一、国民の皆様、五千人を超える尊い犠牲者と甚大な被害をもたらした今回の地震から、三週間余りが経過しました。本日は、これまでの取り組みに対する私自身の思いを、率直に申し述べさせていただくとともに、この未曾有の試練の中で私の決意を明らかにし、皆様の御協力をお願いしたいと思います。

 まず、改めて、亡くなられた方々とそのご遺族に対し、心から哀悼の誠をささげますとともに、負傷された方々や今なお不自由な避難生活を続けておられる皆様方に対し、心よりお見舞い申し上げます。

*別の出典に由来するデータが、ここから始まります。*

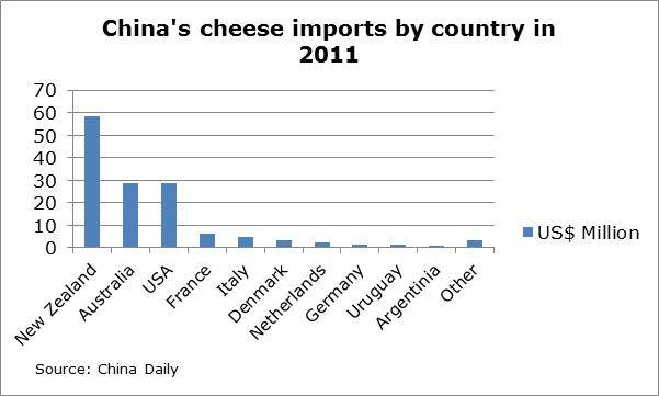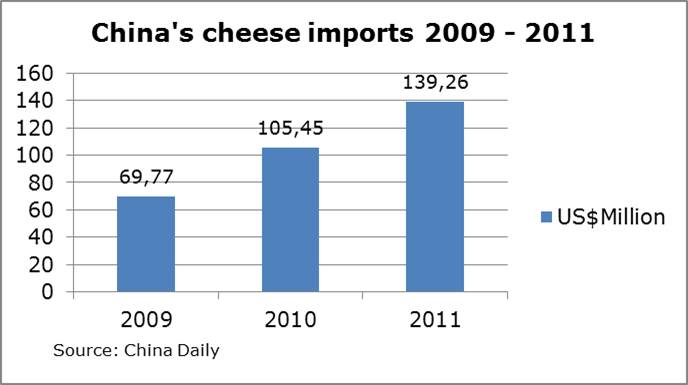 Volgens de Italiaanse Trade Commission groeit de Chinese kaasmarkt zeer snel . In 2011 importeerde China USD 139 miljoen dollar aan kaas. Dit was een groei van 32% ten opzichte van 2010. (China Economic Daily)
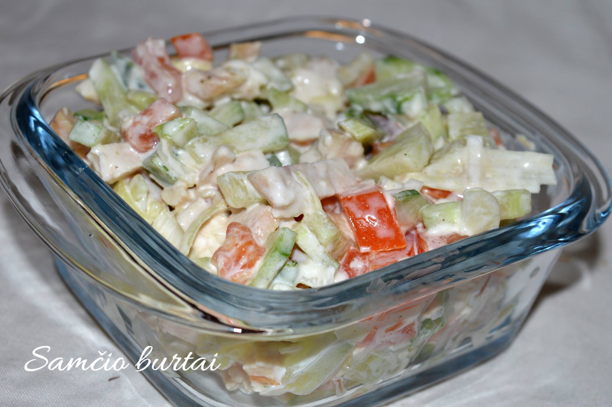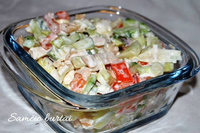Vištos krūtinėlę išverdame ir atvėsiname. Susmulkiname nedideliais kubeliais. Taip pat susmulkiname pomidorą, agurką ir papriką. Poro baltąją dalį supjaustome žiedeliais. Beriame druską, pipirus, dedame majonezą ir gerai išmaišome.

 被災者の方々におかれましては、この寒さも厳しいなか、何かと御苦労は多いことと思いますが、常に冷静さを保ち、お互いに助け合い、励まし合っておられる姿に、私も救われる思いであります。一日も早く日常の暮らしを取り戻していただけるよう、内閣を挙げて、救援対策をはじめ、復旧・復興対策を強力に推進してまいる決意であります。被災者の皆様も、どうか今後とも、生活の再建と明日の街づくりに向け、ともにがんばっていただきたいと思います。

 更に、自らも被災者でありながら、不眠不休でがんばっておられる県や市町村の職員の方々をはじめ、警察、消防、自衛隊、医療関係者など震災対策に携わっておられる現場の方々、また、被災地で活躍しておられますボランティアの方々の活動には本当に頭の下がる思いであります。心から感謝を申し上げます。どうかくれぐれも御健康に留意され、引き続きご活躍されることを心からお願い申しあげます。

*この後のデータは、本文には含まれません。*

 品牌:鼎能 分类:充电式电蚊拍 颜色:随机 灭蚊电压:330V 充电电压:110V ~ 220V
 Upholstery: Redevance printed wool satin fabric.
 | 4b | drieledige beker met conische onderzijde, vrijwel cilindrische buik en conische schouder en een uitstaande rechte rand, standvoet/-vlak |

二、また、今般の震災に際しましては、世界の殆どの国より心のこもったお見舞いの言葉を頂くとともに、七十にのぼる国、地域及び国際機関、更には多くのNGO・民間の方々より、ご支援の申し出を頂いております。この場をお借りして、世界各国の関係者の方々に改めて心から感謝の気持ちを表したいと思います。

 同時に、まさに国民的運動とも言ってよいほどに、全国の各地から寄せられた、幾多の御支援、御声援につきましても、厚く御礼を申し上げます。

(これまでの対応)

一、今回の地震発生以来、政府といたしましては、発生当日直ちに非常災害対策本部を設置したことをはじめ、私自身を本部長として全閣僚により構成される緊急対策本部や専任の担当大臣、更には各省庁の担当責任者を中心とする現地常駐の対策本部を設置しました。政府が一丸となり、地元との連携を密にしながら、被災者の救出、援護、各施設の早期復旧などに総力を挙げて取り組んで参りました。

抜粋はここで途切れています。